A few weeks ago in our Nov. 18 issue, we wrote about the number of newspapers that had started up - and already begun to fail - following the bankruptcy of the Eagle Times organization last July. I also mentioned the controversy created when the new owners of the Eagle Times newspaper group - the Samples News Group out of Pennsylvania - accepted a $250,000 loan, 75 percent of which was backed by a guarantee from the State of New Hampshire.
There have been more local paper casualties since that column, in fact, one of the new weeklies has already lost its editor after just five issues.
In that November column, we also expressed a deep concern we had at that time about some unethical advertising pricing practices that were beginning to rear their ugly heads. We wrote:
"The last few months have seen some cutthroat and at times questionable pricing practices in the local newspaper advertising world as a handful of papers vie for the limited advertising dollars in this area. More papers will fail, and more jobs will be lost, especially if the practices continue."

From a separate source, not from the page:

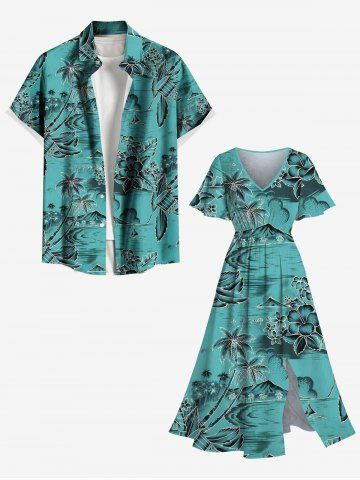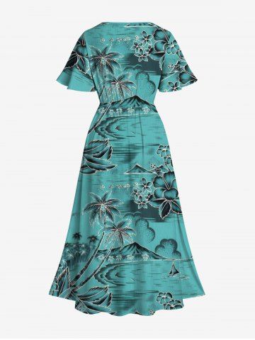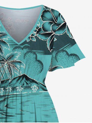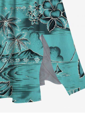 Plus Size Coconut Tree Hibiscus Flower Seascape Print Hawaii Split Pocket A Line Midi Dress - Green - 5x
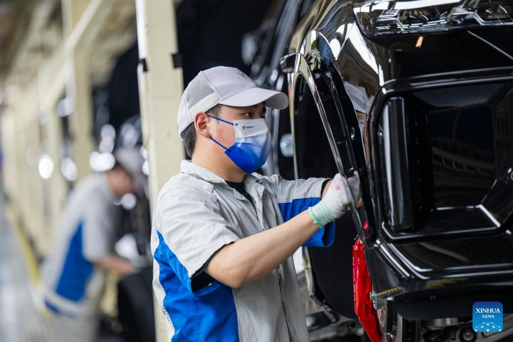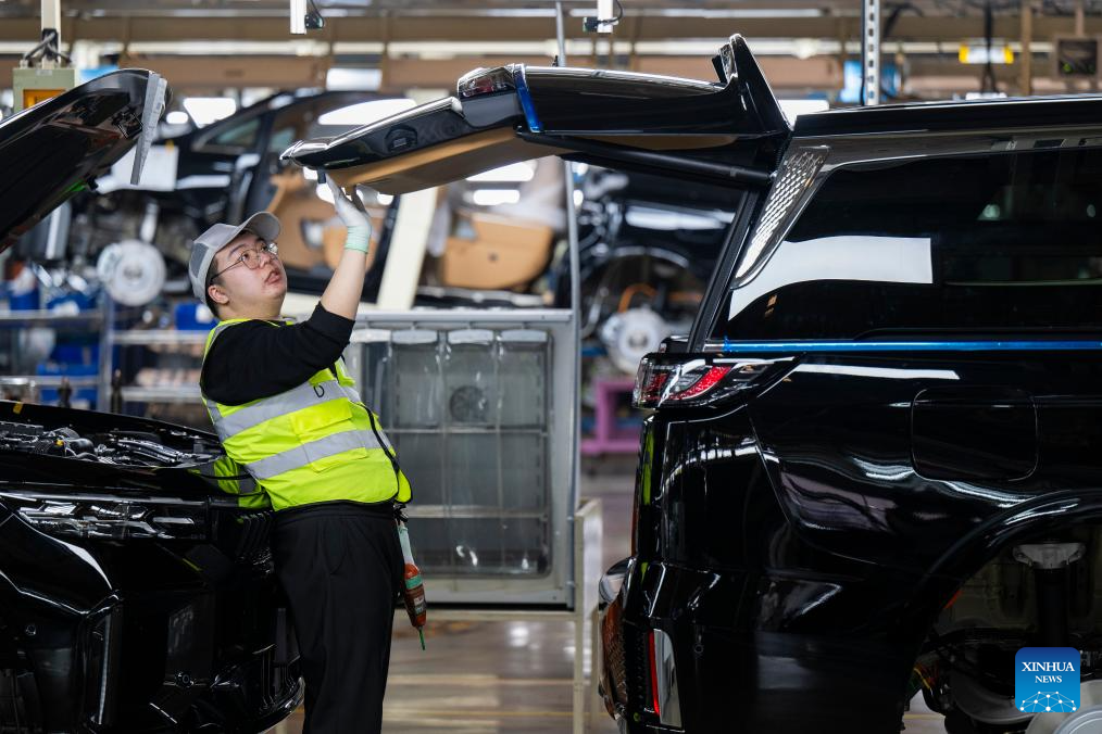 A worker works at an assembly line of Voyah, a Chinese NEV brand, in Wuhan, central China's Hubei Province, April 9, 2025. The 200,000th vehicle of Voyah rolled off the assembly line in Wuhan on Wednesday. (Xinhua/Wu Zhizun)

We also questioned "how a large, out of the region newspaper chain, now with a quarter million dollar state guaranteed loan to float on, will fit into that mix remains to be seen.
"But I'm sure we'll all be watching with keen interest!"
Well, we've been watching, and it seems the questionable pricing practices are not only continuing, but getting worse. Our clients repeatedly tell us of our competitors coming in and cutting their rates by 40 percent, 60 percent, 70 percent and more in order to get their business. Some clients have been offered free advertising.
We cannot blame a business for accepting these incredibly cheap advertising rates - we're sure we'd do it too if we had a business in this area. When a paper can offer you a half page ad for a third or a quarter of what you'd normally pay, a business would be crazy not to accept, even though those ads are obviously being sold at a loss to the paper.
What we question are the ethics of those sort of sales tactics. We've tried our best to take the high road in this matter for some time now, even changing our name when asked, hoping that the practice would end after the initial startup. It hasn't.
We question the ethics of accepting a state-backed loan, then using the money to run the business at a loss in order to undercut and put down the competition. Even using a large company's deep pockets to fund a practice like that is, if not unethical, certainly unprofessional. Too many in society today have lost respect for good, fair competition and a "win at all cost" attitude seems to be prevailing more often then not.
Most of the other papers that have started up here have done it ethically, with incredibly hard work and the professionalism to produce a high quality product, and that's what we've been trying to do, with limited finances. We've tried to compete on a level playing field, letting the quality of our paper and the professionalism of our staff speak for us.
Almost to a person, every member of this staff has rejected multiple and very generous offers to depart the Outlook and jump ship. We feel we've started something special here, in returning this paper to an independent Vermont ownership, and our team is committed to see it through together.
We don't mind the competition. Not at all. In fact, we thrive on it. We feel the Green Mountain Outlook is the most professional, highest quality weekly in the region, and it's only going to get better. We work very hard at that, and we know that area businesses and our readers can see it.
All we ask is that we all compete honestly, ethically and professionally. Let's keep the playing field level.